Since all the weights are independent of each other (independently obtained), the objective for a particular leaf can be written as \begin{align} obj_{j} &= (\sum_{i \in I_{j}} g_{i})w_{j} + \frac{1}{2}(\sum_{i \in I_{j}} h_{i})w^{2}_{j} + \frac{1}{2}\lambda w_{i}^{2}\newline &= (\sum_{i \in I_{j}} g_{i})w_{j} + \frac{1}{2}(\sum_{i \in I_{j}} h_{i} + \lambda)w^{2}_{j}\newline &= G_{j} w_{j} + \frac{1}{2} (H_{j} + \lambda)w_{j}^{2}\newline where, G_{j} &= \sum_{i \in I_{j}} g_{i}\newline H_{j} &= \sum_{i \in I_{j}} h_{i}\end{align}

This is a quadratic in $w_{j}$ and the optimal value is \begin{align} w^{\ast}_{j} = -\frac{G_{j}}{H_{j} + \lambda}\end{align}

which can be evaluated if we know the first and second derivatives of the loss function. This way, custom loss functions can also be optimized if these two are known in advance.

The objective at these optimal values of $w$ become \begin{align} obj^{\ast} = &= \sum_{j=1}^{L} G_{j}w^{\ast}_{j} + \frac{1}{2}(H_{j}+\lambda)(w^{\ast}_{j})^{2} + \gamma L\newline &= \sum_{j=1}^{L} -\frac{1}{2}\frac{G^{2}_{j}}{H_{j} + \lambda} + \gamma L\end{align} where, the smaller the objective, better is the tree.

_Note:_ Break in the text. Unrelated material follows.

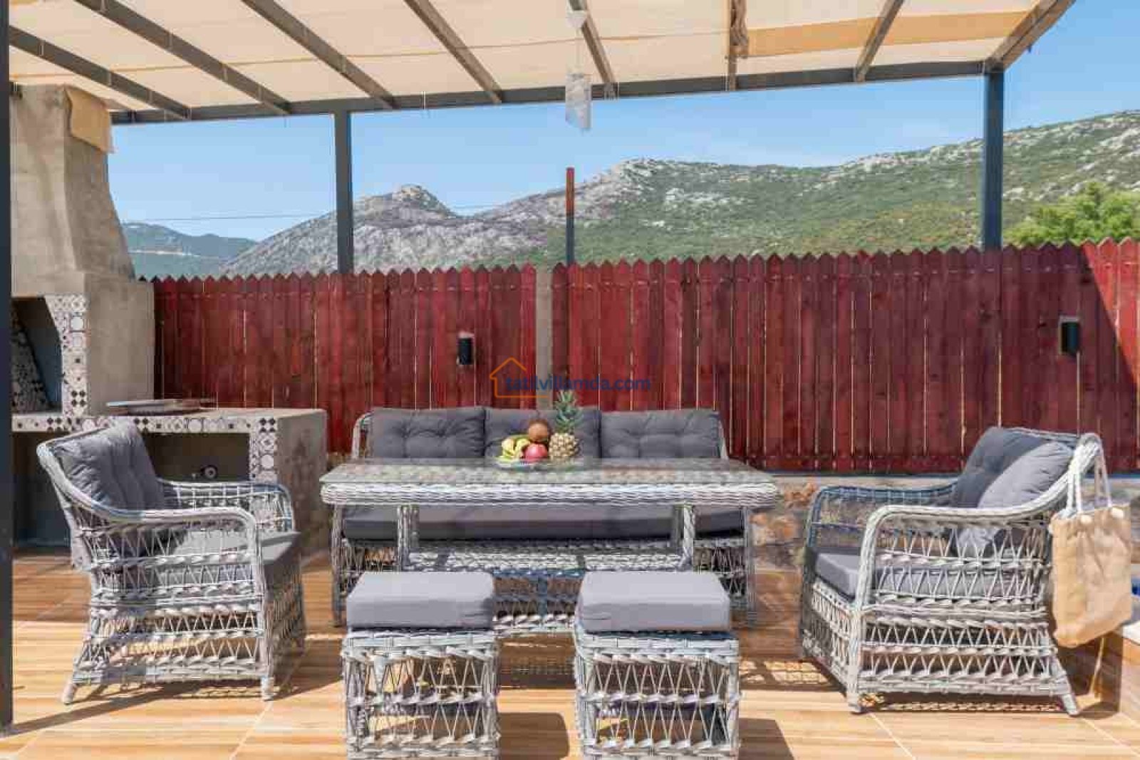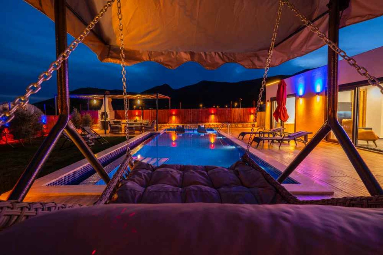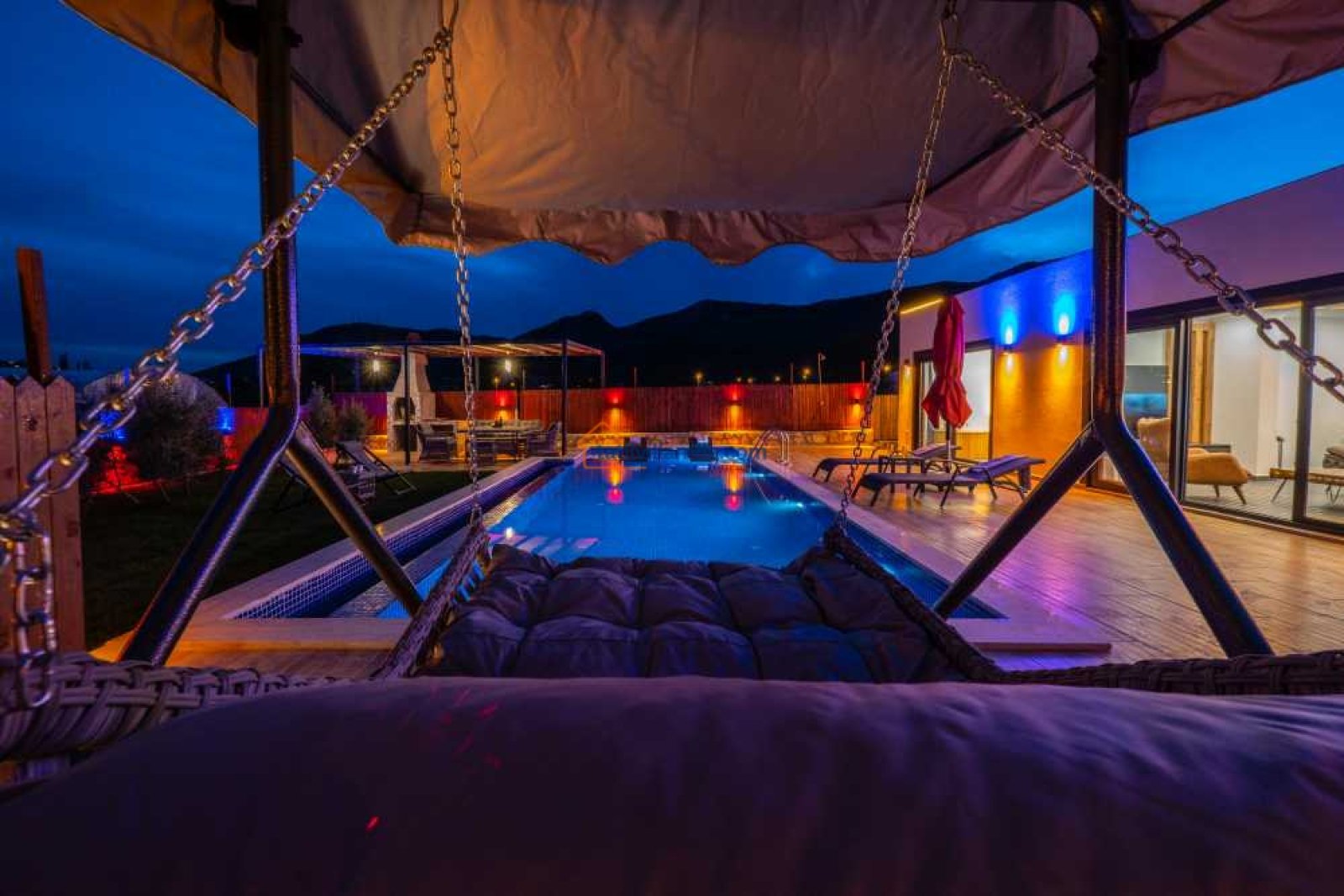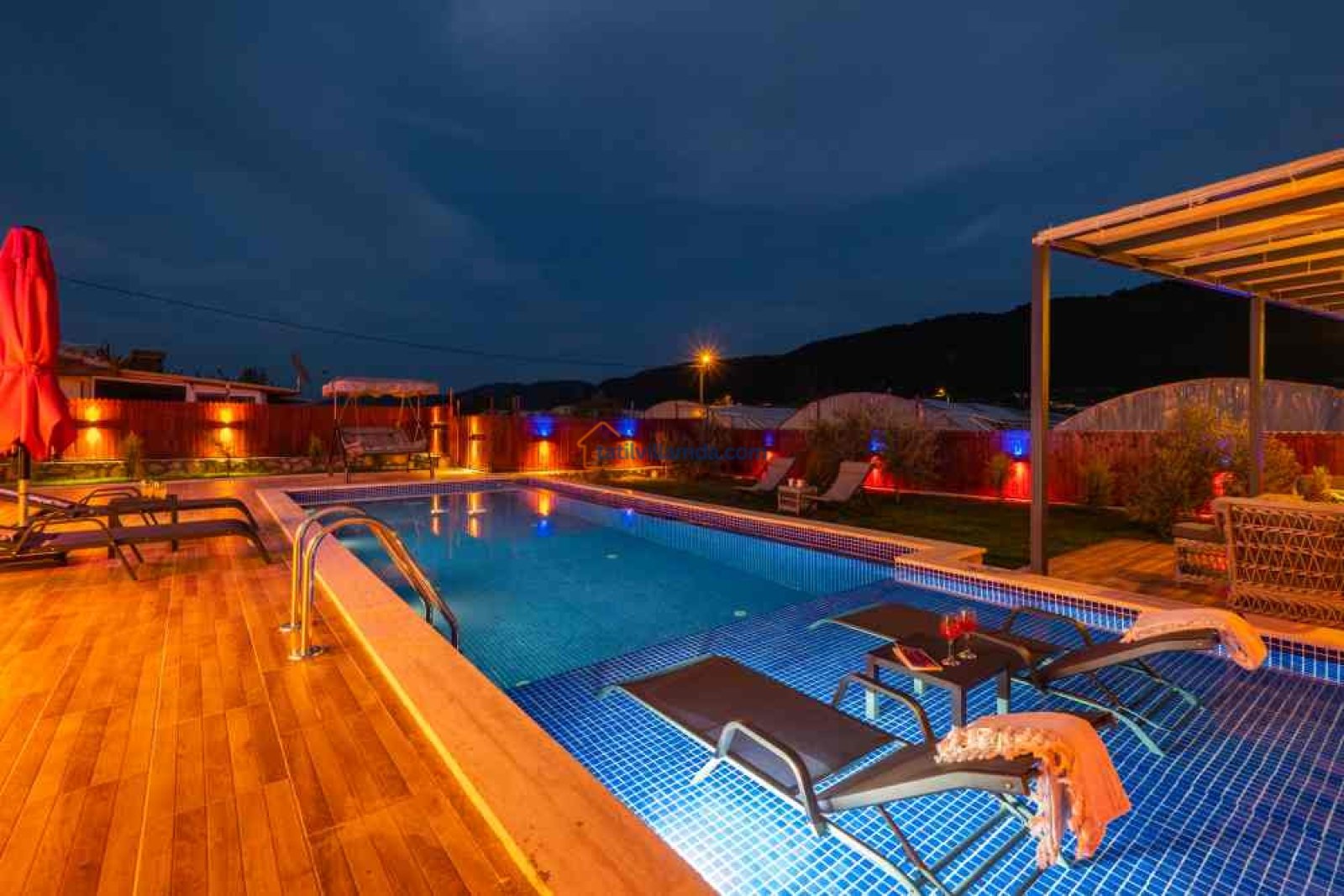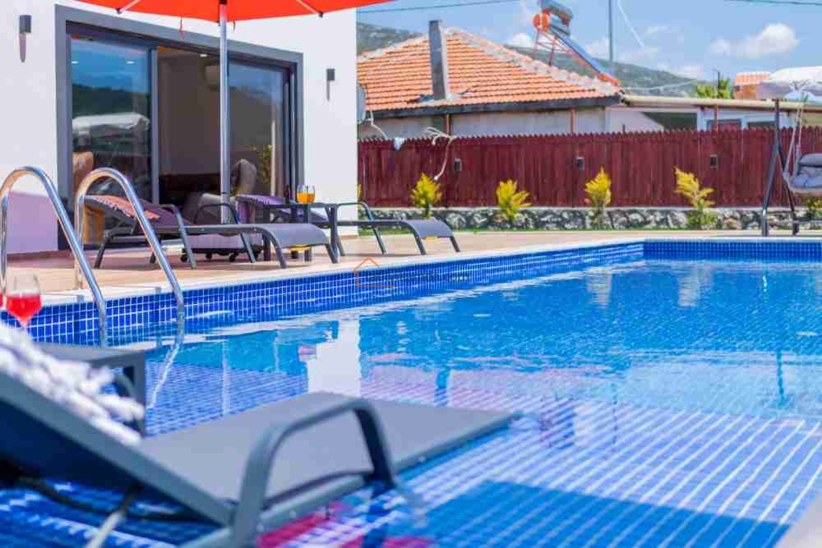 Villamız, geniş ve ferah bir bahçeye sahiptir. Büyük yüzme havuzunun hemen yanında şezlonglar, şemsiyeler, salıncak ve konforlu bir bahçe oturma grubu bulunur. Gün boyu güneşlenip, akşamları havuz başında keyifli sohbetler edebilirsiniz.

Now, building the tree levelwise, the split at any level should be such that the difference between the objective at the splits and the current node is as large as possible. Terming this as gain, and denoting Left and Right as the two leaves obtained after a split, \begin{align} gain &= \text{objective at current node} - \text{total objective at split nodes}\newline &= (-\frac{1}{2} \frac{(G_{Left} + G_{Right})^{2}}{(H_{Left} + H_{Right}) + \lambda} + \gamma) - \big( (-\frac{1}{2} \frac{G_{Left}^{2}}{H_{Left} + \lambda} + \gamma) + (-\frac{1}{2} \frac{G_{Right}}{H_{Right} + \lambda} + \gamma) \big)\newline &= \frac{1}{2} \bigg[ \frac{G_{Left}^{2}}{H_{Left} + \lambda} + \frac{G_{Right}}{H_{Right} + \lambda} - \frac{(G_{Left} + G_{Right})^{2}}{(H_{Left} + H_{Right}) + \lambda} \bigg] -\gamma\end{align}

We could write $G$ in the current node as $G_{Left} + G_{Right}$ since it is the sum of $g$ across all data points, which is the same as total sum of $g$ for the left and right trees. The same is true for $H$.

To find the optimum split, we can precalculate the values of $g$ and $h$ for all the points in the current node, and then do a scan from left to right on the values of a given variable to check the value of gain across different splits and locate the best performing one.

An important observation here is that $\lambda$ comes in denominator. Thus, if its value is high, the weights will automatically become low. Further, if the gain is not higher than $\gamma$, adding the split to the tree is not beneficial. This automatically does some pruning while building the tree.